Bu, bugün bazı siyasi partilerin ve kitle örgütlerinin pratiğinde model olarak gördüğümüz gibi, toplumun kadın yarısının bütün alanlar ve kademelerde eş temsilci olarak iktidara dahil olması anlamına gelir. Kadınların söz ve karar hakkı olmayan hiçbir toplumsal alan kalmayacak, kadınlar her yerde sorumluluk üstlenerek emek ve enerjilerini yeni toplumun inşası için ortaya koyacaklardır. İşçi-emekçi meclislerinin yarısı oluşturmanın yanı sıra, kadınlar “kendi toplumsal yapılanmasını bağımsız biçimde de örgütleyecek, bütün kurumlarda eş temsiliyete ek olarak, işçi-emekçi kadın meclisleri birliği kurulacak, kadın ordusu ve milisi oluşturulacak, cinsel suçlar için kadın ve lgbti+’lardan oluşan özel mahkemeler kurulacaktır.”[5] Sadece kadınlardan oluşan bir örgütlenme biçimi olan bu iktidar organları, özellikle tarihin bize bıraktığı derslere bakılarak inşa edilecek yeni toplumda, kadın devrimi çizgisini güvence altına almak için son derece önemlidir. Kadınlar, kadın devriminin önderliğini gerçekleştirecekse, yeni toplumdaki konumlanış da bu görevin gereklerine uygun olmalıdır. Geçmiş deneylerde ise kadınların bir toplumsal kuvvet olarak örgütlü bulunmamalarının, kendi kolektif mekanizmalarına sahip olmamalarının acı sonuçları görülmüş, kadınlar evlere dönmüş/döndürülmüş, merkezi iktidar kurumlarından uzak kalmışlardır. Ekim Devrimi sonrası cinsler arasında eşitlik yönünde güçlü adımlar atmakta dönemin tartışmasız en ileri örneği olan Sovyetler Birliği’nde bile, 1923'ten sonra yapılan parti kongrelerinde MK'ya seçilen kadın sayısı 3'ü aşmamıştır.
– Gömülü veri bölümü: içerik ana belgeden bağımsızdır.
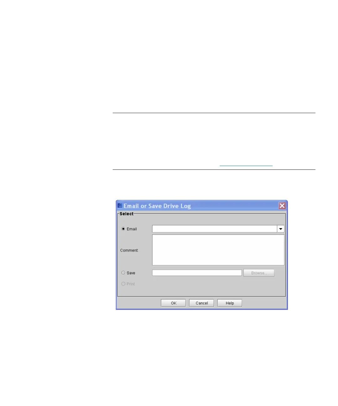 1 From the Drives dialog box, click Get Drive Log. The Email or Save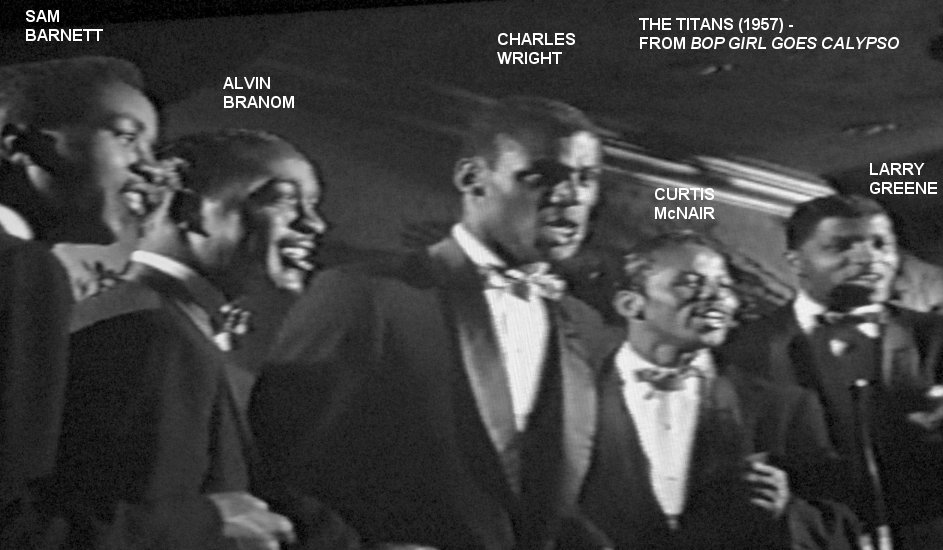 Since Cecil Carter was friendly with Bobby Troup (author of "Daddy," "Route 66," and "The Girl Can't Help It"), the Titans made several appearances at the nightclub that he owned in L.A. Through Troup's efforts, the Titans were tapped to appear in the film "Bop Girl Goes Calypso," one of the R&R exploitation flicks of the day. It starred Judy Tyler (Princess Summerfall Winterspring on the Howdy Doody show), Bobby Troup, and Lucien Littlefield. For music, there were the Goofers, Nino Tempo, the Cubanos, and Lord Flea. The Titans sang "So Hard To Laugh" and "Rhythm And Blues" in the film, which didn't have much to do with calypso at all. They recorded a "G'win Home Calypso" segment for the film, but mysteriously (considering the "premise" of the film) it wasn't used. It should come as no surprise that they got a lot of work from having appeared in the film.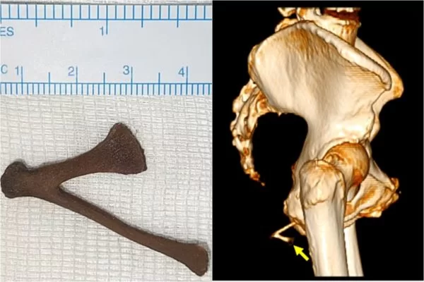 Uma tomografia pélvica mostrou que a parte mais curta do osso estava projetada para fora do ânus, enquanto a mais longa ficou dentro do canal anal, mas sem causar lesões.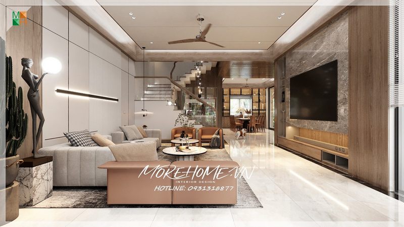 Ghế sofa văng, ghế sofa đơn và đôn sofa được pha trộn độc đáo cùng bàn trà chân kim loại mặt đá nhân tạo cao cấp, tạo nên một không gian phòng khách trẻ trung, hiện đại phù hợp với các căn hộ, nhà phố và biệt thự.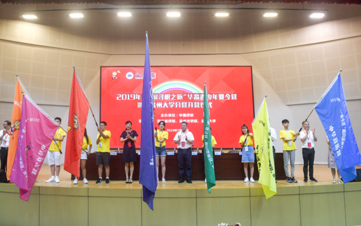 “如果你累了,请你靠一靠祖国的肩,侨联与你心心相连……”伴随着优美动听的歌声,2019年“中国寻根之旅”华裔青少年夏令营温州大学分营拉开帷幕,出席开幕式的领导、志愿者以及营员在现场一起聆听这首歌,歌声在报告厅久久回荡,每一颗澎湃的心也久久不能平静。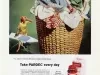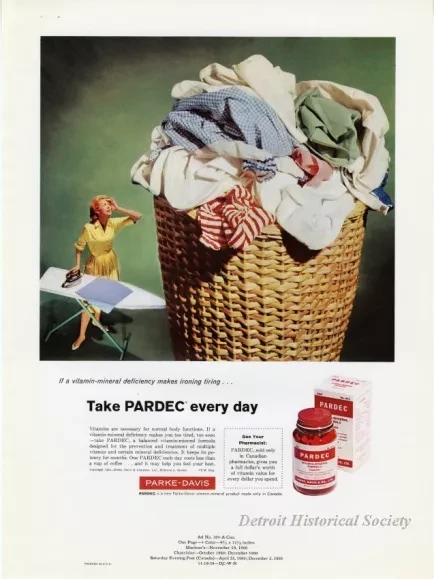 Color print advertisements for Pardec, a multivitamin produced by Parke-Davis. It depicts a woman ironing next to an oversize basket of laundry.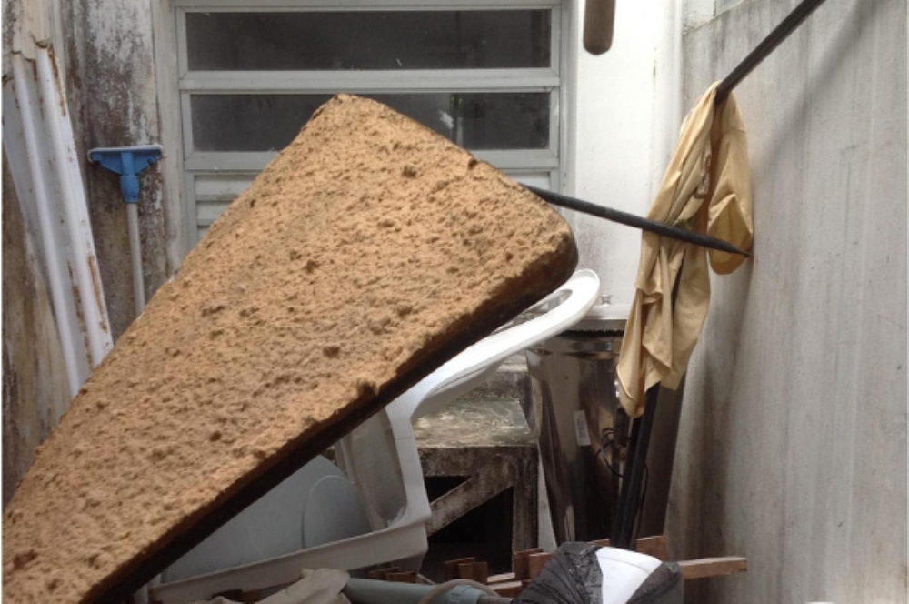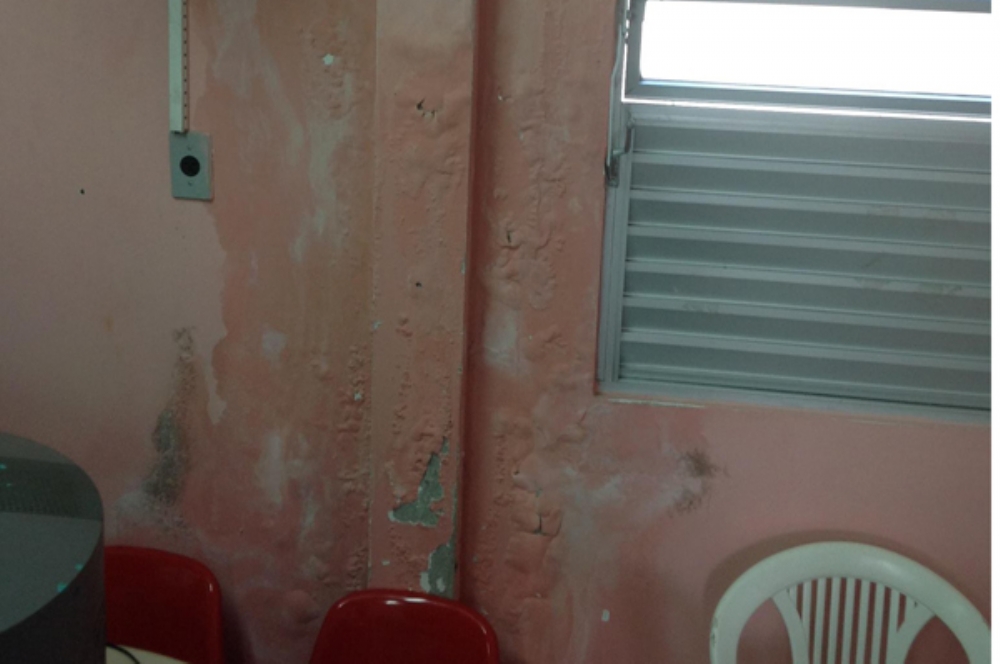 As paredes, conforme revelam os servidores, estão mofadas devido às infiltrações, o ar condicionado está quebrado, fossas estouradas, com fezes expostas no pátio, e o expurgo do serviço está com material velho e muito lixo. “E quando chove, a situação fica ainda mais grave”, revela a enfermeira. “Tudo fica alagado, com a água topando no tornozelo”, observa.

Kadınların yeni toplumda öncü bir rol oynayamamaları, sadece kadın cinsin özgürlüğü için bir sorun teşkil etmez, bütün toplumun sosyalizme doğru ilerlemesi açısından da temel bir engeldir. Çünkü, “Proletaryanın, özel mülkiyetle bağı erkek egemen ayrıcalıklardan muaf kadın yarısı, devrimin kesintisiz biçimde sosyalizme ilerletilmesinin en ileri dinamiğidir. Kadın devrimi, devrimci proletaryanın nihai zaferini güvencelemesinin gereğidir.”[6]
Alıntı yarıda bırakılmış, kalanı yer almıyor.